3ln(5x^3 - 5)^2(15x^2) ??

Is that right??

That's not right. The derivative of ln(u)^3 is not 3ln(u)^2. Also, could you clarify whether you mean f(x) = \ln ( (5x^3-5)^3) or f(x) = ( ln (5x^3-5) )^3.

 

[Twin468]

It is the second one you have posted... f(x) = (ln(5x^3-5))^3
(how do you get the superscript?)

 

[Gib Z]

Do you know how to simplify ln (a^b)? That will help you for this question.

 

[Mentallic]

Gib Z, the question is exponentiating the entire logarithm.

For y=\left(ln(5x^3-5)\right)^3

Let u=5x^3-5

Now we have y=\left(ln(u)\right)^3

Let t=ln(u)

So finally we have y=t^3

Now the derivative is \frac{dy}{dx}=\frac{dy}{dt}.\frac{dt}{du}.\frac{du}{dx}

 

[Twin468]

Would it be bln(a) ?

 

[Mentallic]

Yes ln(a^b)=b.ln(a) but that's not the problem at hand, according to:

It is the second one you have posted... f(x) = (ln(5x^3-5))^3
(how do you get the superscript?)

 

[Twin468]

Ok, I will use your previous post to figure it out. Thanks Mentallic! I really appreciate it!

 

[Mentallic]

No problem

By the way, I never use this long tedious method of substitution to find the derivative.

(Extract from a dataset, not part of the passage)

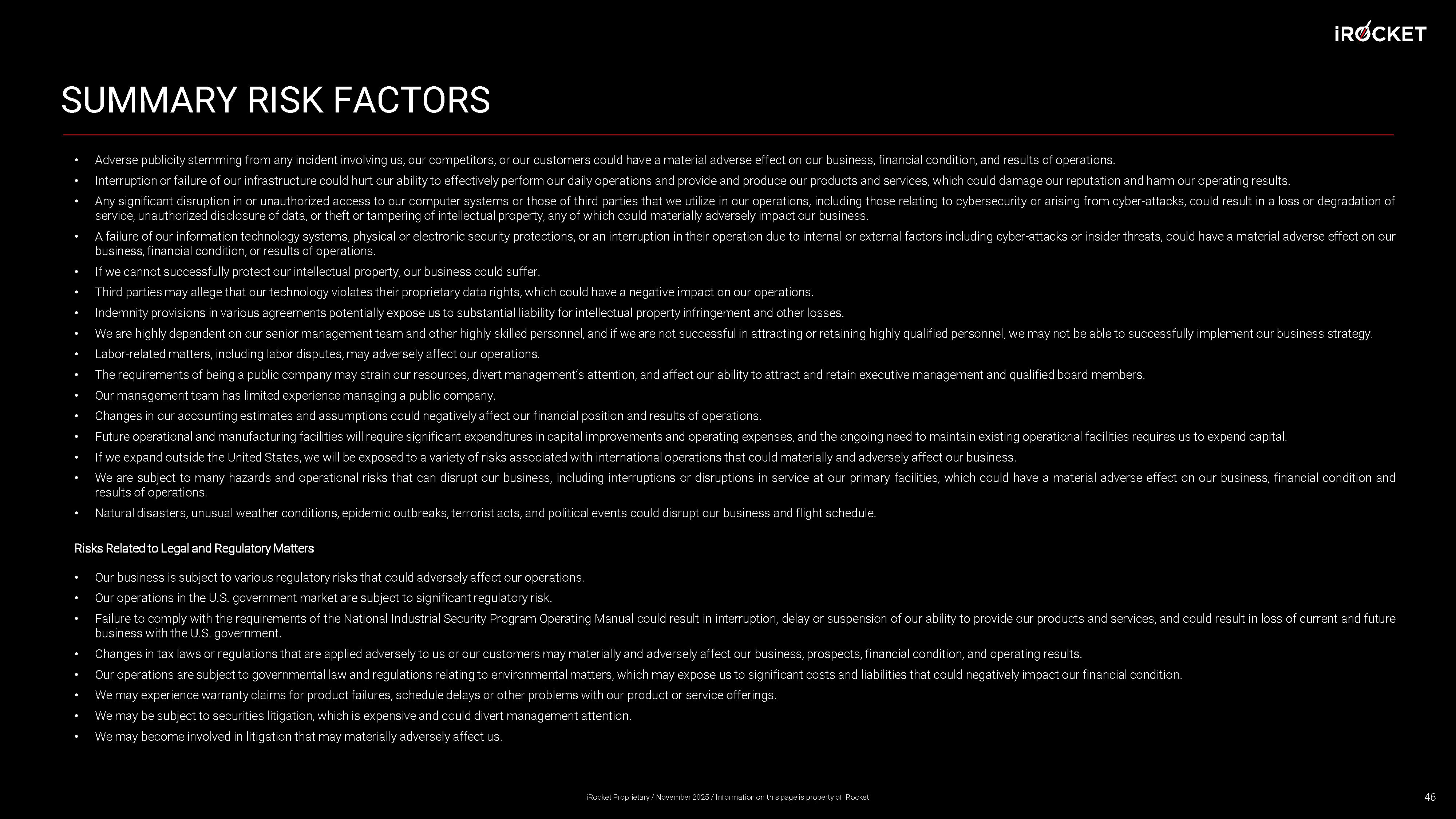 SUMMARY RISK FACTORS • Adverse publicity stemming from any incident involving us, our competitors, or our customers could have a material adverse effect on our business, financial condition, and results of operations . • Interruption or failure of our infrastructure could hurt our ability to effectively perform our daily operations and provide and produce our products and services, which could damage our reputation and harm our operating results . • Any significant disruption in or unauthorized access to our computer systems or those of third parties that we utilize in our operations, including those relating to cybersecurity or arising from cyber - attacks, could result in a loss or degradation of service, unauthorized disclosure of data, or theft or tampering of intellectual property, any of which could materially adversely impact our business . • A failure of our information technology systems, physical or electronic security protections, or an interruption in their operation due to internal or external factors including cyber - attacks or insider threats, could have a material adverse effect on our business, financial condition, or results of operations . • If we cannot successfully protect our intellectual property, our business could suffer . • Third parties may allege that our technology violates their proprietary data rights, which could have a negative impact on our operations . • Indemnity provisions in various agreements potentially expose us to substantial liability for intellectual property infringement and other losses . • We are highly dependent on our senior management team and other highly skilled personnel, and if we are not successful in attracting or retaining highly qualified personnel, we may not be able to successfully implement our business strategy . • Labor - related matters, including labor disputes, may adversely affect our operations . • The requirements of being a public company may strain our resources, divert management’s attention, and affect our ability to attract and retain executive management and qualified board members . • Our management team has limited experience managing a public company . • Changes in our accounting estimates and assumptions could negatively affect our financial position and results of operations . • Future operational and manufacturing facilities will require significant expenditures in capital improvements and operating expenses, and the ongoing need to maintain existing operational facilities requires us to expend capital . • If we expand outside the United States, we will be exposed to a variety of risks associated with international operations that could materially and adversely affect our business . • We are subject to many hazards and operational risks that can disrupt our business, including interruptions or disruptions in service at our primary facilities, which could have a material adverse effect on our business, financial condition and results of operations . • Natural disasters, unusual weather conditions, epidemic outbreaks, terrorist acts, and political events could disrupt our business and flight schedule . Risks Related to Legal and Regulatory Matters • Our business is subject to various regulatory risks that could adversely affect our operations . • Our operations in the U . S . government market are subject to significant regulatory risk . • Failure to comply with the requirements of the National Industrial Security Program Operating Manual could result in interruption, delay or suspension of our ability to provide our products and services, and could result in loss of current and future business with the U . S . government . • Changes in tax laws or regulations that are applied adversely to us or our customers may materially and adversely affect our business, prospects, financial condition, and operating results . • Our operations are subject to governmental law and regulations relating to environmental matters, which may expose us to significant costs and liabilities that could negatively impact our financial condition . • We may experience warranty claims for product failures, schedule delays or other problems with our product or service offerings . • We may be subject to securities litigation, which is expensive and could divert management attention . • We may become involved in litigation that may materially adversely affect us . 46 iRocket Proprietary / November 2025 / Information on this page is property of iRocket

Finding the pattern in what happens will really save you time and energy.

Let's look at your most recent example:

y=\left(ln(5x^3-5)\right)^3

First we picture the entire problem as (something)³, and so we use the usual rule and arrive at:

\frac{dy}{dx}=3\left(ln(5x^3-5)\right)^2 --- not the answer

but now we need to multiply everything by the derivative of what's inside, and then what's inside that... etc. till we reach a finishing point.

we look at what's inside as being ln(something), so we have to multiply by the derivative of that, which, by our rule with logarithms becomes 1/(something).

Now we have:

\frac{dy}{dx}=3\left(ln(5x^3-5)\right)^2.\frac{1}{5x^3-5} --- not the answer

But again, we've ignored what's inside of that log, so we need to multiply by the derivative of that as well,

So finally we end up with:

\frac{dy}{dx}=3\left(ln(5x^3-5)\right)^2.\frac{1}{5x^3-5}.(15x^2) --- the answer

We can even go again and think of it as 5(something)³-5 but then the derivative of that something is 1 so it doesn't change anything. This is our true finishing point since there are no more variables to deal with.